We next turned our attention to solving other problems that can plague a text to speech 
program. Homographs are words that have the same spelling but different pronunciation 



depending on context. For the word "wind" it is necessary to know whether it should be 
pronounce like "blowing in the wind" or like "to wind the clock". The most common type 
homographs have one word as a noun and the other as a verb. We decided to use part of speech 
context to determine which was more likely in a given sentence. Searching the Internet, we 
found a public domain dictionary of 230,000 words with their parts of speech. "Mobv Part-of- 
Speech Dictionary at ftp://ftp.dcs.shef.ac.Uk/share/ilash/Mobv/mpos.tar.Z". We used this to 
create a decision matrix that looks at the part of speech of two words before and two after the 
given word to give the most likely part of speech for the given word.
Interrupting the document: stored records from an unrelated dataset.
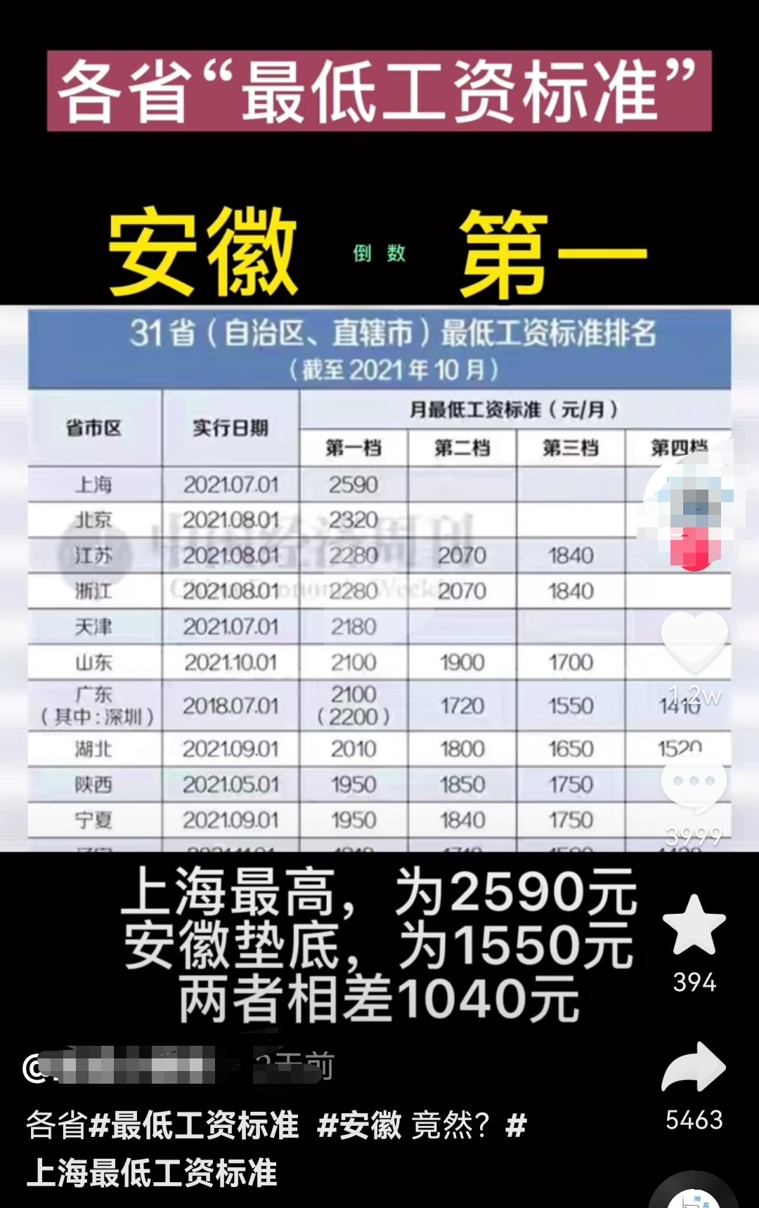 各省“最低工资标准”,安徽倒数第一?这真的假的啊?不敢相信,这么惨吗?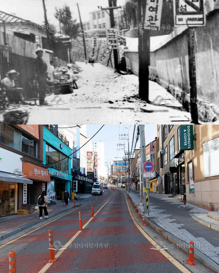 위 사진: 1960년대 춘성군청 옆 골목. 사진상단 가운데 보이는 건물이 당시 법원, 검찰청 건물.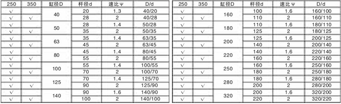 D/d——缸徑/杠徑(詳見表一)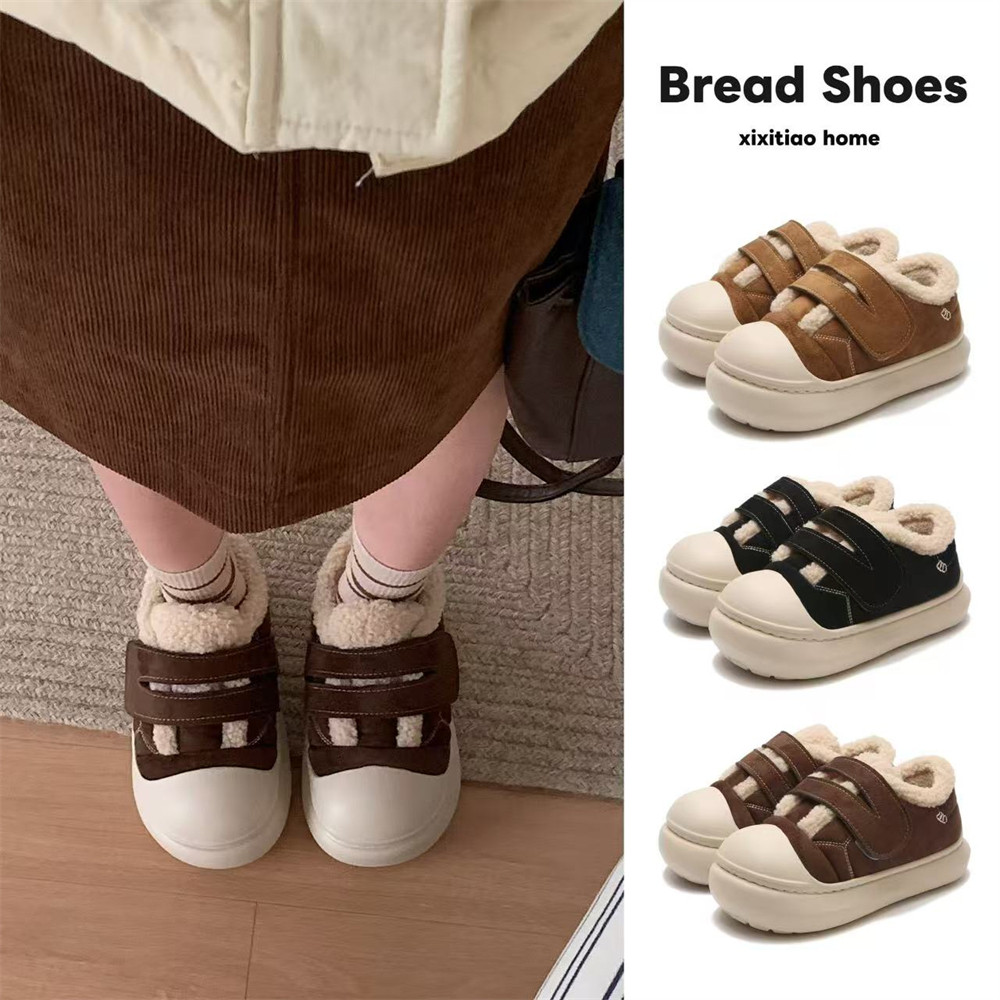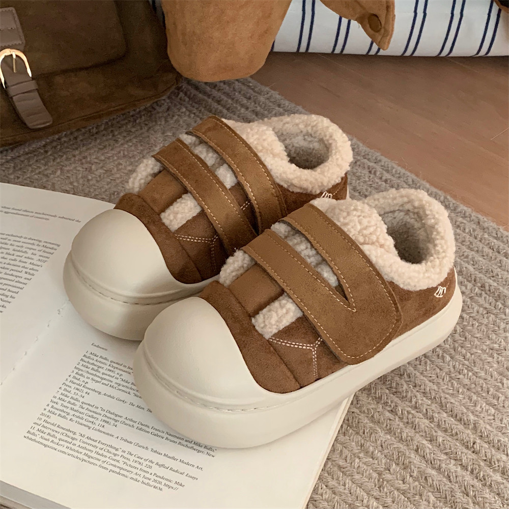 细细条女士新款毛毛鞋棉鞋运动冬季加绒魔术贴厚底板鞋百搭黑色

We primed this decision 
matrix by analyzing sentences from several novels. This result yielded almost a 70% likelihood 
of getting the right pronunciation. 

We also included a prosodromic variation into our project. This is an attempt to avoid an 
overly flat, monotone, machine-like pronunciation. We adjusted the tempo and pitch of the last 
word of each sentence to give a more reading tone to the program. 

The program still allows the blind or visually impaired individual to run the entire 
program and read any typed material by just pressing one button. Our macro interface program 
does the rest. In addition, we have added a feature that allows this program to be used to 
verbalize any email or text file. 

The accuracy of our current program has increased to 96%, with most errors being due to 
optical character recognition mistakes. It can still be fit onto a single CD. Its high accuracy rate, 
better clarity due to its hybrid nature, and simplicity of use from scan to speech make it better 
than anything at all similar we have seen to date. 
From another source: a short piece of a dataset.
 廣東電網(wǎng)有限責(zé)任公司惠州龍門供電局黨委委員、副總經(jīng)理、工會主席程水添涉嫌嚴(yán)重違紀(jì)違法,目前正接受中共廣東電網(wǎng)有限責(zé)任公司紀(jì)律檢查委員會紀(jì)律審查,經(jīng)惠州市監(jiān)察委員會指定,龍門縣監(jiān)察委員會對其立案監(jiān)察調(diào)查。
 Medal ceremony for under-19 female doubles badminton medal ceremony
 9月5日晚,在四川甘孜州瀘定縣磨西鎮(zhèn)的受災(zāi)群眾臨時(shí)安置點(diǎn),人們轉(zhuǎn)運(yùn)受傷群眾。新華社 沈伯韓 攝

The process(es) of this invention is carried out as follows: 

1) Test aligned phoneme dictionary to make sure it is aligned and to make adjustments. 

2) Compare each word in aligned phoneme dictionary to the list of phonemes, delete rarities. 

3) Convert the 46 phoneme to numbers. 

4) Look in aligned dictionary for the letter "a" and print out 1 letter before, 2 letters after and 
the corresponding phonemes. Repeat for all other letters. 

5) Create entire 1 before, 2 after matrix using the most common phoneme for each 
combination. 

6) Convert any word to phonemes using the 1 before, 2 after matrix. 

7) Test accuracy of matrix by comparing the original phoneme representation of each word 
in the aligned dictionary with its phoneme representation as created by following matrix rules. 

8) Find works that contain a given diphone so we can use that word to create the diphone 
database. 

9) Create a pipe for each letter in aligned dictionary using 3 letters before, 3 letters after, use 
numbers to represent and create a separate file for each letter (26 files). 

10) Create entire pipe of 3 before and 3 after using the most common phoneme for each 
combination. 

1 1) Find most common phoneme for each letter in the aligned dictionary. 

12) Add the most common phoneme for each letter to the 1 before, 2 after matrix to fill up all 
blank slots. 

13) Read text file using the 1 before, 2 after matrix and the diphone database. 

14) Read text file using the 3 before 2 after pipe and the diphone database.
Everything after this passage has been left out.